Diputados, senadores y cargos públicos de esos partidos chantajean permanentemente al gobierno para obtener ventajas. Dirceu tejió una red de alianzas que funcionó durante dos años, hasta que en febrero de 2005 entró en crisis y la oposición consiguió elegir a un funesto personaje (Severino Cavalcanti, del PPS) como presidente de la Cámara de Diputados. De ahí en más, las alianzas bordadas con esmero se deshilacharon y el gobierno viene perdiendo votación tras votación.

Sin embargo, se llegó a este punto en gran medida por la división del oficialismo, en particular del PT, que votó dividido en momentos decisivos, alentando así a los chantajistas. Esa división tiene un nombre: la política económica por la que optó Lula, y en particular su ministro de Economía, Antonio Palocci, el gran ganador en esta crisis, junto a la derecha y las elites.
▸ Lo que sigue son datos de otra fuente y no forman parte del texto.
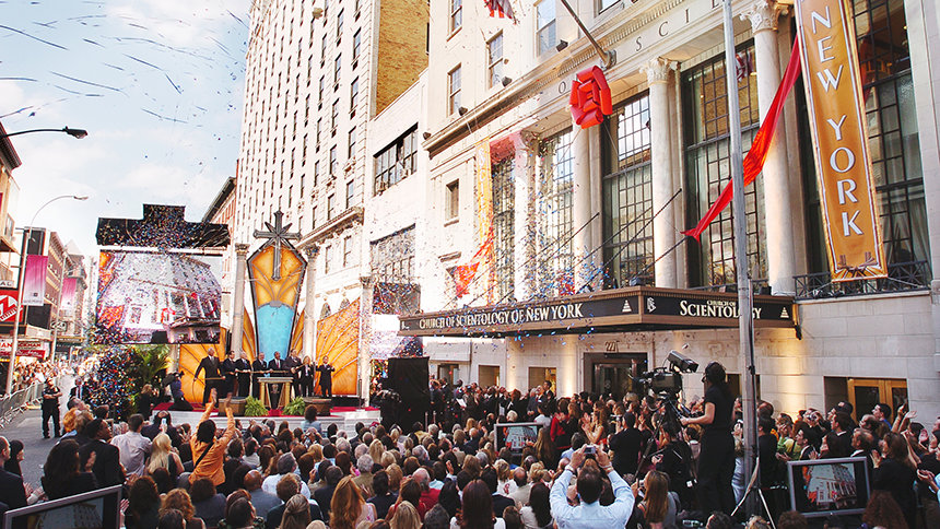ארגון הסיינטולוגיה בניו-יורק, ליד טיימס סקוור, היה מתנה מהתאחדות הסיינטולוגים הבינלאומית לאנשי ניו-יורק בתור הוקרה לאומץ ולרוח שלהם אחרי אסון התאומים ב-2001.

Según las denuncias, para asegurarse la fidelidad de los diputados aliados el PT repartía "mensualidades" entre miembros del PPS y del PL. Si esto es así, es difícil creer que Lula no lo supiera. La denuncia es grave, pero más grave aún es que buena parte de la base militante del PT estime que era el "precio" para asegurar la gobernabilidad.

Un 65 por ciento de los simpatizantes del PT asegura que hay corrupción en el gobierno y 77 por ciento cree que Lula tiene "alguna responsabilidad" en ello, según encuesta difundida por Folha de Sao Paulo. Muchos petistas minimizan la corrupción diciendo que más grave que los 12 mil dólares que el PT pagaba a los diputados aliados son los 200 mil que pagó el ex presidente Fernando Henrique Cardoso a decenas de diputados para que votaran su relección.

Otros más creen que las denuncias forman parte de un golpe blanco de la derecha para reforzar la política económica y amarrar a Lula ante la posibilidad cierta de que vuelva a ganar en octubre de 2006. Dirceu era la cabeza de la oposición a la línea económica ortodoxa: altas tasas de interés y superávit primario elevado.

Todo indica que Lula desplazará aún más ministros del PT para dar lugar en su gabinete a más miembros de los partidos aliados. En buen romance, estamos ante un viraje del gobierno de Lula a la derecha, y ante el fin del gobierno del PT, ya que en adelante esa fuerza tendrá cada vez menos peso en las decisiones del gobierno.

Con ello Lula se termina de autonomizar del partido, y no podrá hacer mucho más que administrar los intereses del capital financiero. Salvo que surja algún imprevisto, el tablero planeado por las elites brasileñas, y aceptado por Lula y su entorno, no hace sino consolidarse, y al hacerlo termina por obturar cualquier posibilidad de cambio real. Una vez más, sólo los movimientos pueden destrabar una situación realmente grave para los intereses de la izquierda latinoamericana.

Con la lucidez que caracteriza a quienes tienen mucho que perder, los sin tierra encendieron la luz roja y planean movilizaciones. El MST considera que el gobierno de George W. Bush, preocupado por sus retrocesos en el continente, pretende acotar la política exterior autónoma de Lula en un escenario de ofensiva contra Venezuela, y cuando Bolivia y Ecuador viven momentos de gran inestabilidad. El segundo objetivo consiste en blindar la política económica ante cualquier posible viraje, apartando del gobierno a los críticos de Palocci.

El PT está siendo afectado en un punto neurálgico: su credibilidad moral. Siempre fue un un punto de no retorno para las izquierdas. Por más que la historia confirme que una izquierda enlodada puede volver a ganar elecciones (como los socialistas españoles o, quizá, los sandinistas), las cosas nunca volverán a ser como antes. Esas fuerzas pueden ser utilizadas por el pueblo como instrumento para sacarse de encima a las derechas, pero ya no vuelven a levantar el menor entusiasmo, ni esperanza, ni confianza en que harán algo por cambiar el mundo.